(Extracted information)
┄┄┄┄┄┄┄┄┄┄

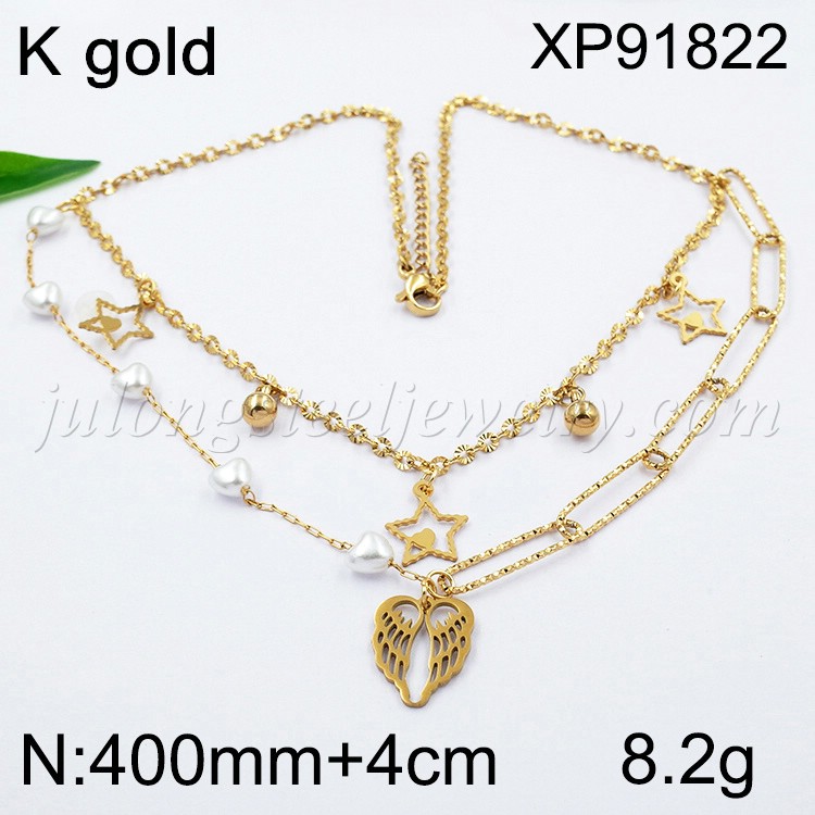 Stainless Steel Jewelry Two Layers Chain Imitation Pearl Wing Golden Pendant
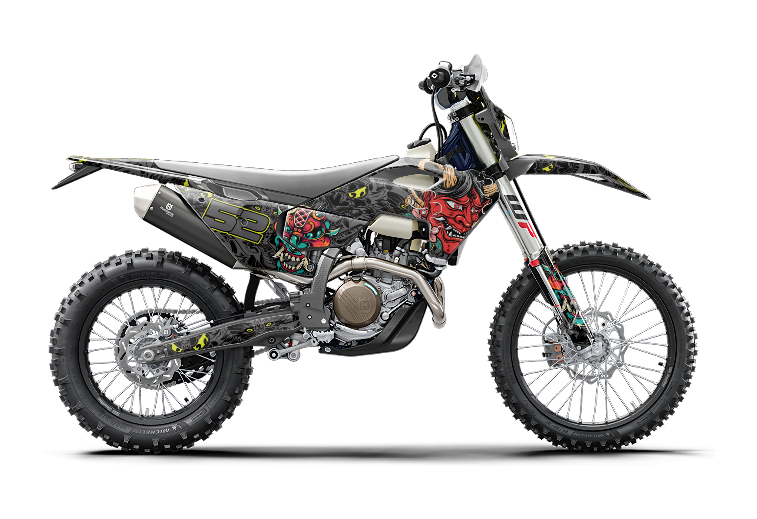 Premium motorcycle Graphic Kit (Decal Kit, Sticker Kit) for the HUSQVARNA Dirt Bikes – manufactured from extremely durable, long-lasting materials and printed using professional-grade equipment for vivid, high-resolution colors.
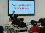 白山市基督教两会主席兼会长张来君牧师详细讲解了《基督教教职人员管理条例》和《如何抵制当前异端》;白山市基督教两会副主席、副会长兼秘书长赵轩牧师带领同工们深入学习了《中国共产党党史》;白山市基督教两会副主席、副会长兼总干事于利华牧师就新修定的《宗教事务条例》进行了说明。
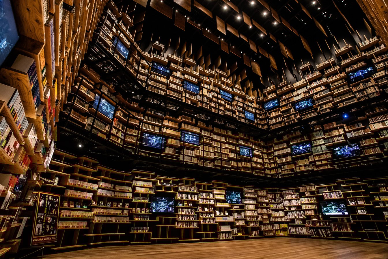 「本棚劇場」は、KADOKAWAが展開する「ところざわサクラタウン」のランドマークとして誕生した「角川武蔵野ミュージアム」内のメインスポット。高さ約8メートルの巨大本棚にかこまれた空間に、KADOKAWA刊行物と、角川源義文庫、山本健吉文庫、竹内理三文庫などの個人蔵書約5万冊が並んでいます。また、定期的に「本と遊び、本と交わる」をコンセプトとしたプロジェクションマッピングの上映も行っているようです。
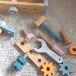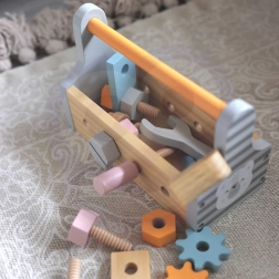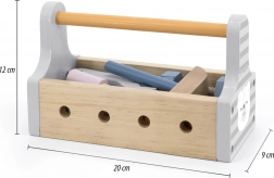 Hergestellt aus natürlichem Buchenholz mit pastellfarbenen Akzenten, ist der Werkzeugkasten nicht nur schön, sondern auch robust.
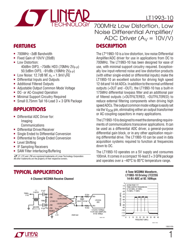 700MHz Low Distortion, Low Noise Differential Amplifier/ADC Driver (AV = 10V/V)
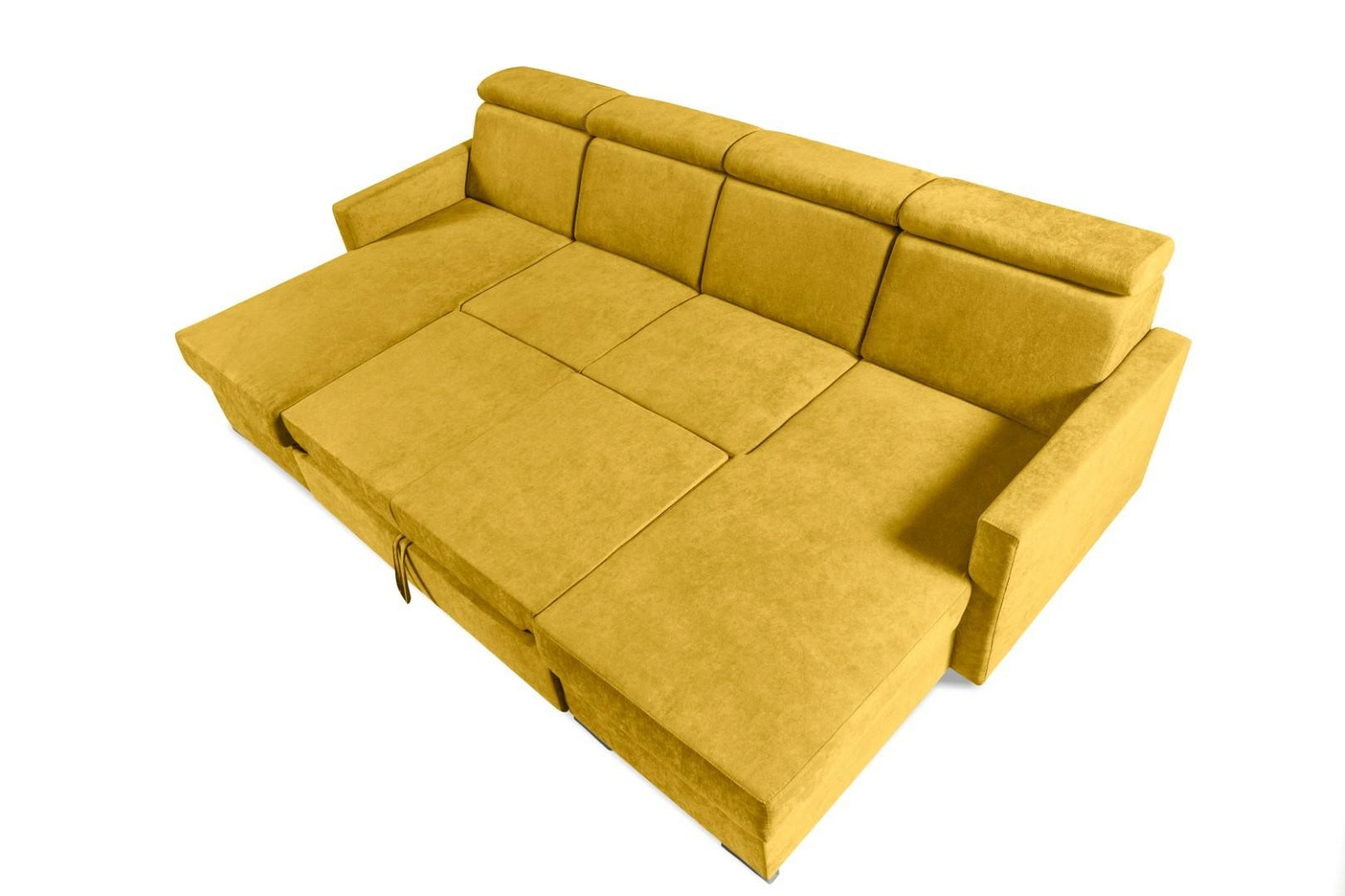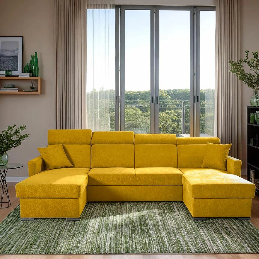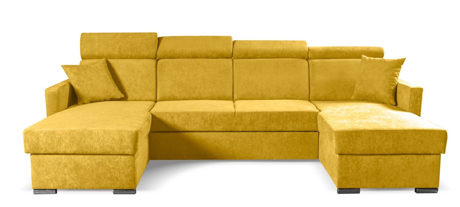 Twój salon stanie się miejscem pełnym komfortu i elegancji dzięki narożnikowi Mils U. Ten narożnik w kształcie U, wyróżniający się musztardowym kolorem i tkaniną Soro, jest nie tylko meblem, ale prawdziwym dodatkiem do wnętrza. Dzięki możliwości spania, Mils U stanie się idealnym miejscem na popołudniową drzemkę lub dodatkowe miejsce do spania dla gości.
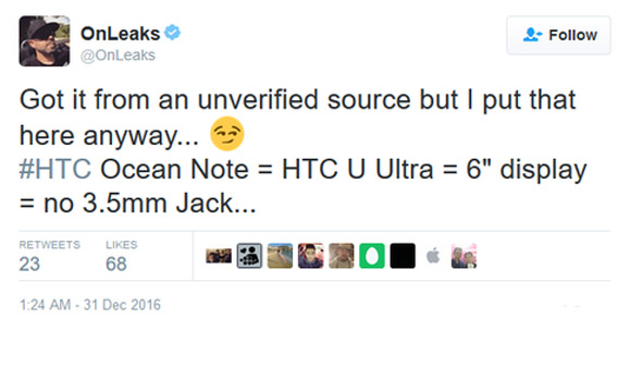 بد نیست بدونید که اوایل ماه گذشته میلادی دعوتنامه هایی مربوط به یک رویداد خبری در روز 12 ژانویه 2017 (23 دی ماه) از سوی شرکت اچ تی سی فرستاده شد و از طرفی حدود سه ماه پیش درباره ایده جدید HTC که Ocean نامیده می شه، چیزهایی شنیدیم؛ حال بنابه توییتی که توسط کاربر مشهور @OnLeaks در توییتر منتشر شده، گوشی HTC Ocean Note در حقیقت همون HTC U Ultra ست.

┄┄┄┄┄┄┄┄┄┄

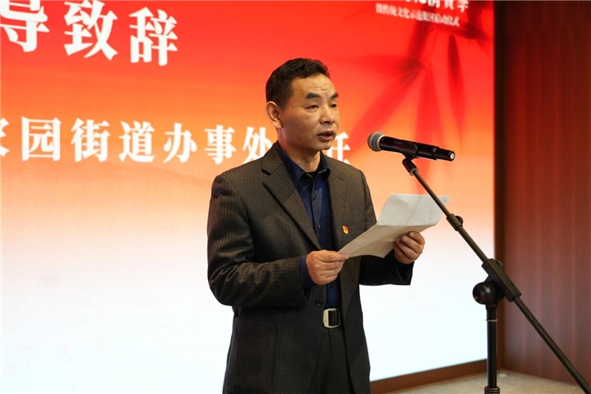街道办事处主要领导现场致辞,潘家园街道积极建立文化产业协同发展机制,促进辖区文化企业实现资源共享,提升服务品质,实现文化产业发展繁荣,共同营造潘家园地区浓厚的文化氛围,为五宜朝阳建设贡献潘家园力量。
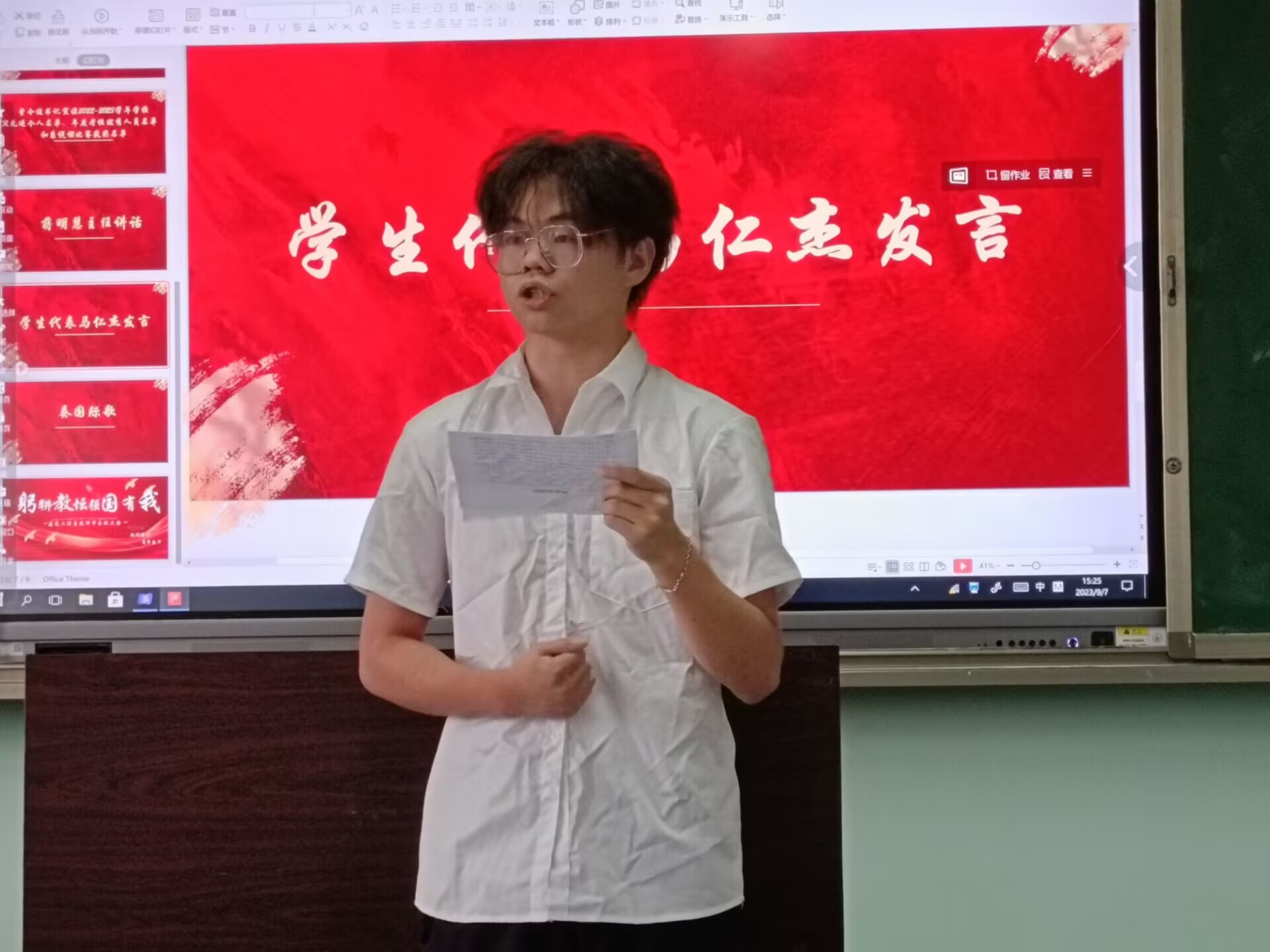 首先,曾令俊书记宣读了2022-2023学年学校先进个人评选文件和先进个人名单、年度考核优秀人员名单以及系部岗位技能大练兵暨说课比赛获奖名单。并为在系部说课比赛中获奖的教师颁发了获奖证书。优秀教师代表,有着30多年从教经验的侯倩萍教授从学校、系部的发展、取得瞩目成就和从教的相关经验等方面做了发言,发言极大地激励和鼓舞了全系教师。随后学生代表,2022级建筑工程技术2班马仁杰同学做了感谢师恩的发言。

┄┄┄┄┄┄┄┄┄┄

(What to work on)
After locating "700MHz Low Distortion, Low" and "Twój salon stanie" in the records above, return exactly the line holding each one and every line between them; leave out the pictures.

(Result for this task)
 700MHz Low Distortion, Low Noise Differential Amplifier/ADC Driver (AV = 10V/V)
 Twój salon stanie się miejscem pełnym komfortu i elegancji dzięki narożnikowi Mils U. Ten narożnik w kształcie U, wyróżniający się musztardowym kolorem i tkaniną Soro, jest nie tylko meblem, ale prawdziwym dodatkiem do wnętrza. Dzięki możliwości spania, Mils U stanie się idealnym miejscem na popołudniową drzemkę lub dodatkowe miejsce do spania dla gości.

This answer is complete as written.